OK, although of the 3 that I have done, none of them needed this.


----------



## SiLlY (Nov 28, 2011)

We've had the tank delamination happen on a 2003 and an 05, 7.3. We use the powerstrokes as bucket trucks. Aerial utility construction.


----------



## SiLlY (Nov 28, 2011)

I steer clear of contractor trucks. Their maintenance is probably spot on but the drivers of these vehicles usually don't give a **** about them and beat them. Seeing they don't have to pay for it.


----------



## dfd9 (Aug 18, 2010)

SiLlY;1361854 said:


> We've had the tank delamination happen on a 2003 and an 05, 7.3. We use the powerstrokes as bucket trucks. Aerial utility construction.

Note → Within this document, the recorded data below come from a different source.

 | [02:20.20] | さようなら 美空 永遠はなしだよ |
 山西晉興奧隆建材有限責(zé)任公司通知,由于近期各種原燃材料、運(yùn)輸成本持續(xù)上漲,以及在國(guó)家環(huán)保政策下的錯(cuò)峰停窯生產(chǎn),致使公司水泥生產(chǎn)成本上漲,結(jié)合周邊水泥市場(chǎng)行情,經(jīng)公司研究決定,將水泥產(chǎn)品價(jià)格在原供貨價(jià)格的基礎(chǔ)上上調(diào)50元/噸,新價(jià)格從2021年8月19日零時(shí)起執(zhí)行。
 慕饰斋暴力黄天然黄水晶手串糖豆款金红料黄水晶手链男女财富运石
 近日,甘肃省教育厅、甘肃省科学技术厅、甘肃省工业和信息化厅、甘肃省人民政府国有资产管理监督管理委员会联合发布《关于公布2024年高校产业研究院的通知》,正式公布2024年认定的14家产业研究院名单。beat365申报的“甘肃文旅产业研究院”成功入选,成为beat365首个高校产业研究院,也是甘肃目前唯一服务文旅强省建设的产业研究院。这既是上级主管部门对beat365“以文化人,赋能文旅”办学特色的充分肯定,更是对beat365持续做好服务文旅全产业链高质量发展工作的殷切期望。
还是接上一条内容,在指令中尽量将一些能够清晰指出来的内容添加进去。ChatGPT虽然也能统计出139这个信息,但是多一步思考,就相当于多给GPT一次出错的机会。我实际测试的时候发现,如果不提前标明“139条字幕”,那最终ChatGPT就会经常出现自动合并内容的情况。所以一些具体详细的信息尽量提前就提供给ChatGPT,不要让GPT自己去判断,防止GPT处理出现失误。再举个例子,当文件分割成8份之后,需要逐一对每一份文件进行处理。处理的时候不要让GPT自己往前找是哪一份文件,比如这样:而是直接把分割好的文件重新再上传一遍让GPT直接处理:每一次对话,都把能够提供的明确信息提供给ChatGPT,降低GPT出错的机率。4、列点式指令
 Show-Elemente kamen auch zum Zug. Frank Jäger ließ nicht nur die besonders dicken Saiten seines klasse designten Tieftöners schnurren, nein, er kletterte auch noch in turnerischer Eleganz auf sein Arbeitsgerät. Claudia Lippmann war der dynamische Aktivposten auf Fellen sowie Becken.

Impossible. There is no 7.3 in an '05.


----------



## Tbrothers (Dec 30, 2009)

Still looking the truck sold before I could even look at it.


----------



## SiLlY (Nov 28, 2011)

dfd9;1362409 said:


> Impossible. There is no 7.3 in an '05.


I don't mind being corrected if I'm wrong. These where fleet (bucket) trucks that we went through like water. It's possible I could be off by both engine size and even a year or two. I tried to be as accurate as I could (by memory). My apologies. All of our bucket trucks, and at average that can be 10 to 15 depending on year, economy, budget, work demand, etc.. are powerstrokes. With the exception of the supervisor and wharehouse manager pickup trucks. The owner was a chevy fan so.. he brought them in where ever he could fit them in.


----------



## BPS#1 (Oct 16, 2011)

Some of the larger trucks had the 7.3L for several years after the pickup segment lost them.

Reason being is different emissions classifications by the feds.

It is possible a non pickup classified work truck had a 7.3.

I don't know what year they were discontinued completely.


----------